Researchers from the University of New South Wales (UNSW) in Sydney have unveiled a groundbreaking invention – the world’s first motor powered by a droplet of liquid metal. This innovative technology is poised to revolutionize various fields such as soft robotics, flexible electronics, and medical devices.
In a recent blog post by UNSW on January 19, it was revealed that this experimental motor operates without the traditional rigid components like coils or magnets found in conventional designs. Instead, it utilizes swirling flows within a suspended droplet of liquid metal immersed in a salt solution and exposed to an electric field. A small copper paddle placed inside the droplet is propelled by these internal flows, generating continuous rotational movement.
The device, named the liquid metal droplet rotary paddle motor, represents a novel approach to generating mechanical motion. Achieving speeds of up to 320 revolutions per minute, this motor sets a new performance standard for actuators based on liquid metal.
Dr. Priyank Kumar, the project supervisor, emphasized the uniqueness of this design, highlighting that the rotation is driven by the flow of liquid metal itself, eliminating the need for solid moving components. This innovative concept showcases how simple, flowing materials can be harnessed to facilitate rotation in compact and flexible systems.
Electric motors are integral to a multitude of modern technologies, from personal gadgets to industrial equipment. The potential of alternative motor designs is vast, particularly in scenarios where conventional rigid elements are impractical, as indicated by the blog.
The liquid metal motor holds significant promise for soft robotics, a field dedicated to creating machines capable of flexible movements in constrained or irregular spaces. Unlike rigid mechanisms like gears and shafts, a flexible motor opens up new possibilities for diverse forms of motion and functionality.
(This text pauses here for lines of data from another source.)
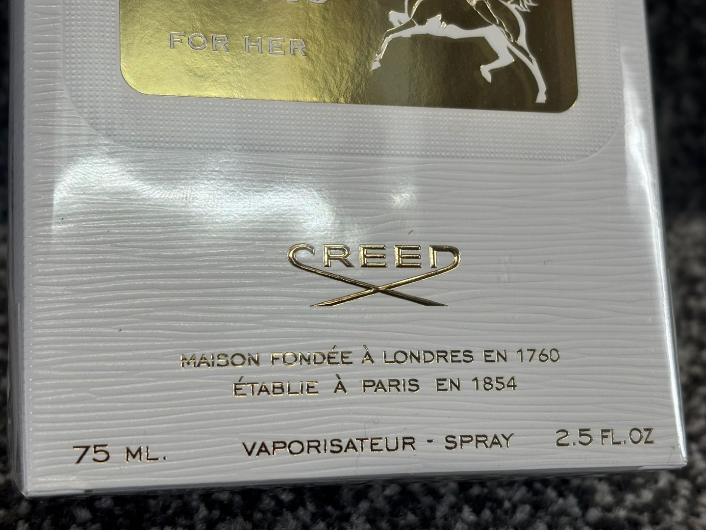 A 75ml bottle of Creed Aventus For Her Eau De Parfum, presented in its elegant branded presentation box, a fragrance that captures confidence, femininity and contemporary luxury. Created by the House of Creed, Aventus For Her is the bold counterpart to the iconic Aventus, celebrating strength and individuality. The refined white and gold packaging, finished with the signature equestrian emblem, reflects the heritage and prestige synonymous with the Creed name.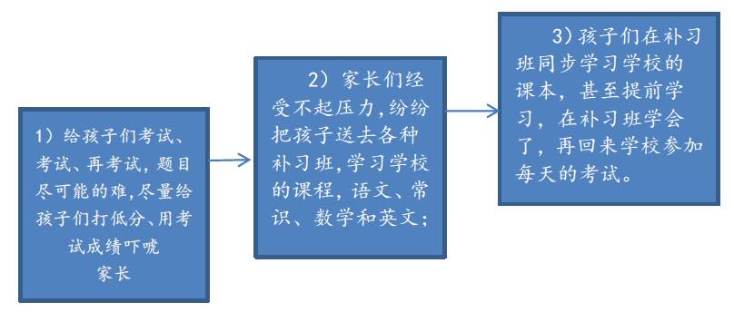 学校里几乎天天考试,老师通过考试进行教学。老师上课就发卷子,考完了,提供标准答案,让同学们互相批改。孩子们对考试永远忧心忡忡,而且家长也认为孩子功课不好,会给孩子施加很大心理压力。我:“老师为啥不先教再考呢?”,孩子说不知道。我又问她:“其他同学知道答案吗?”,她说大部分知道,因为他们在补习班学过了。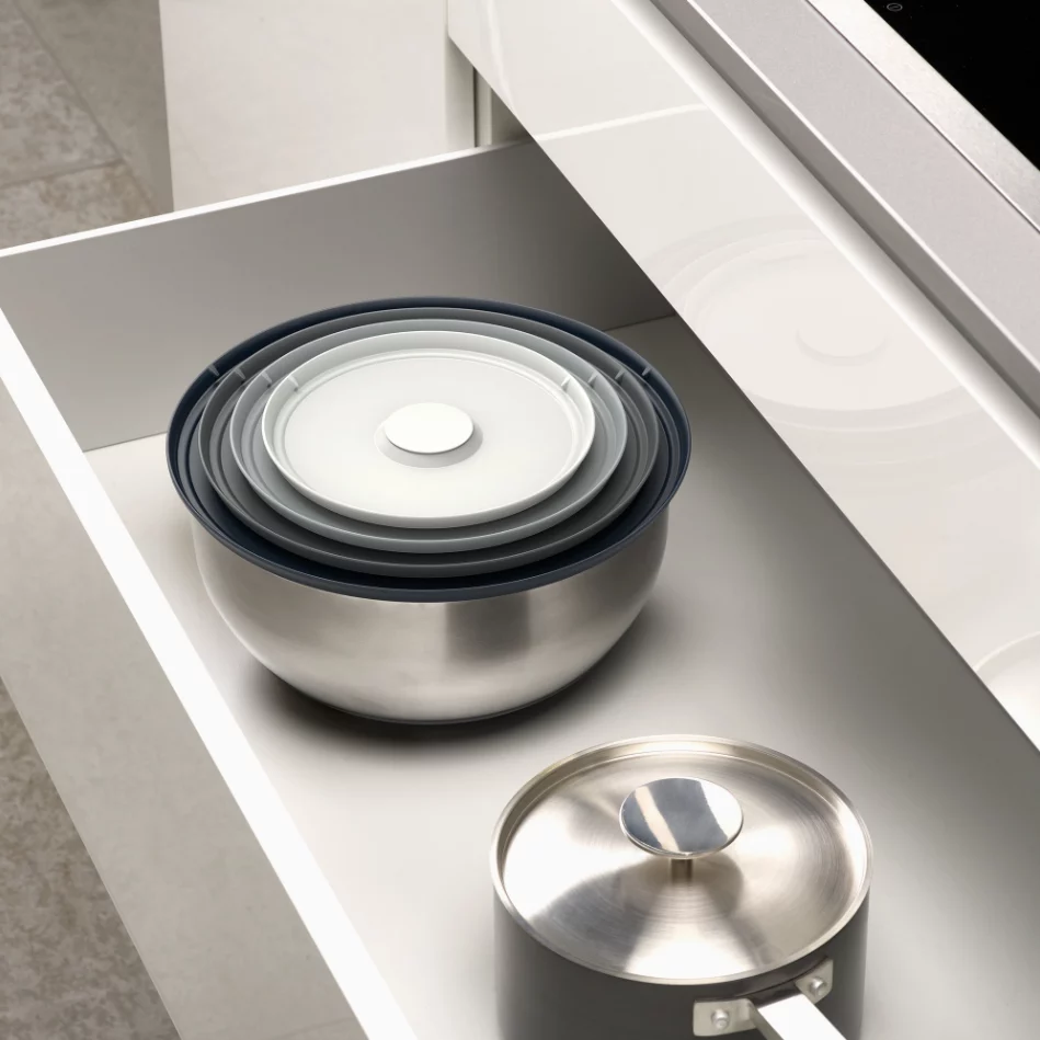 Made from stainless steel, silicone, and polypropylene, this set is backed by a 1-year limited warranty. Ideal for everyday meal prep, baking, serving, and fridge organization, the Joseph Joseph Nest Prep & Store 8-pc. Bowl Set delivers professional-grade quality with thoughtful, space-efficient innovation. Say goodbye to cluttered cabinets and mismatched lids—upgrade your kitchen essentials today and enjoy smarter, tidier food prep and storage.

Professor Kourosh Kalantar-Zadeh from the University of Sydney, a collaborator on the project, envisioned the application of this motor in scenarios like a miniature robot navigating intricate spaces within the human body. The flexibility of such motors could facilitate delicate movements without the constraints of rigid structures.
PhD student Richard Fuchs, the mastermind behind the motor’s development, likened its operation to a miniature waterwheel, with the liquid metal flow propelling the copper paddles akin to water driving a wheel.
Apart from robotics, the researchers foresee potential applications of this technology in areas such as flexible electronics, microfluidic systems, and biomedical implants, where compact and adaptable motion is essential in sensitive environments.